On March 6, the Federal Trade Commission filed a complaint in the United States District Court for the District of Colorado against BoostMyScore LLC (“Boost”), BMS, Inc., and William O. Airy – the principal operator of both Boost and BMS. The complaint alleges that the defendants violated the FTC Act, Credit Repair Organizations Act, and the Telemarketing Sales Rule (“TSR”).

The complaint alleges that the defendants misled consumers by guaranteeing that they could “drastically and immediately” improve their credit scores and gain access to superior interest rates on loans. Defendants allegedly advertised that they could deliver these results through a process called credit “piggybacking” – or registering consumers as “additional authorized users” on one or several credit cards held by unrelated account holders with positive histories.

According to the complaint, however, consumers added as “additional authorized users” were not authorized to use the account in any fashion and contractually agreed that they would not place charges on the account or even contact the issuing financial institution. The defendants also allegedly instructed high credit-score individuals adding lower-credit consumers as “authorized users” to their accounts to conceal this information from their card-issuing institutions.

Despite the defendants’ advertisements that credit scores would increase by anywhere from 100 to 120 points over two to six weeks, the complaint indicates that the majority of mortgage underwriters factor out credit piggybacking tradelines.
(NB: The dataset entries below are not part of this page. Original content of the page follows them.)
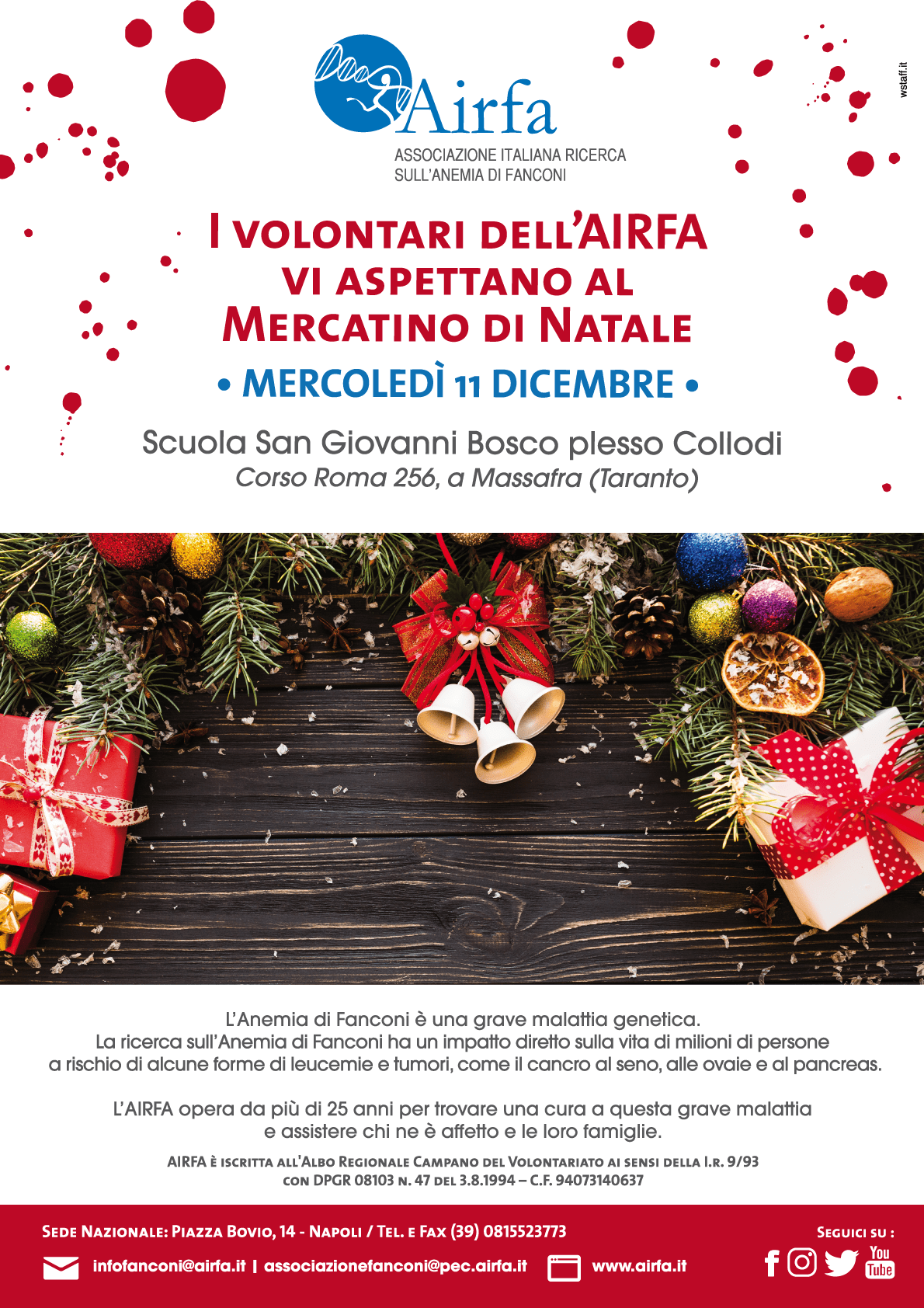I volontari dell’Airfa vi aspettano al Banchetto di Natale del 7 dicembre a Massafra (Taranto) da largo Capreoli a piazza Santa Guida. Rione Gesù Bambino.
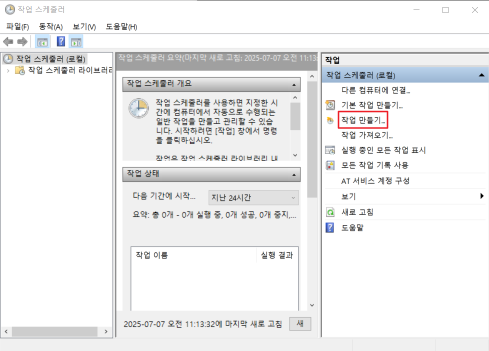 Windows 작업 스케줄러를 이용해 정해진 시간에 자동으로 실행되도록 설정했습니다.
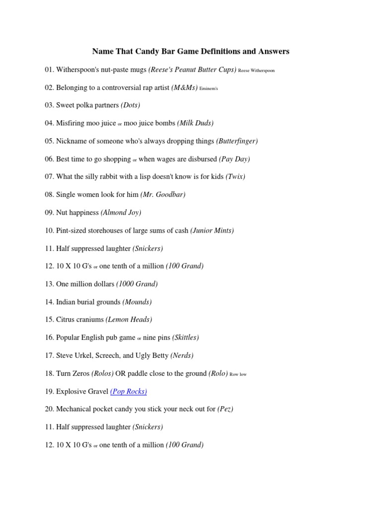 Name That Candy Bar Game Definitions and Answers PDF

The complaint alleges that the defendants advertised that their piggybacking process was perfectly legal and charged consumers up front for credit repair services.

Defendants generated more than $6.6 million in revenue from the credit repair business since 2015.

According to a March 9 press release from the FTC, a proposed settlement will soon be filed with the court. That settlement prohibits the defendants from selling fake access to another’s credit, collecting advance fees for credit repair services, committing any future violations of the TSR, misrepresenting that a product or service is legal, and misrepresenting the terms of a refund or return policy. The settlement also includes a monetary judgment for $6,630,678, which will be partially suspended upon payment of $64,863, due to defendants’ inability to pay.

“Good credit isn’t for sale,” said Andrew Smith, Director of the FTC’s Bureau of Consumer Protection in the FTC’s March 9 press release. “This company charged people thousands of dollars based on hollow promises that ‘piggybacking’ on a stranger’s good credit would raise their credit score or help them get a mortgage.”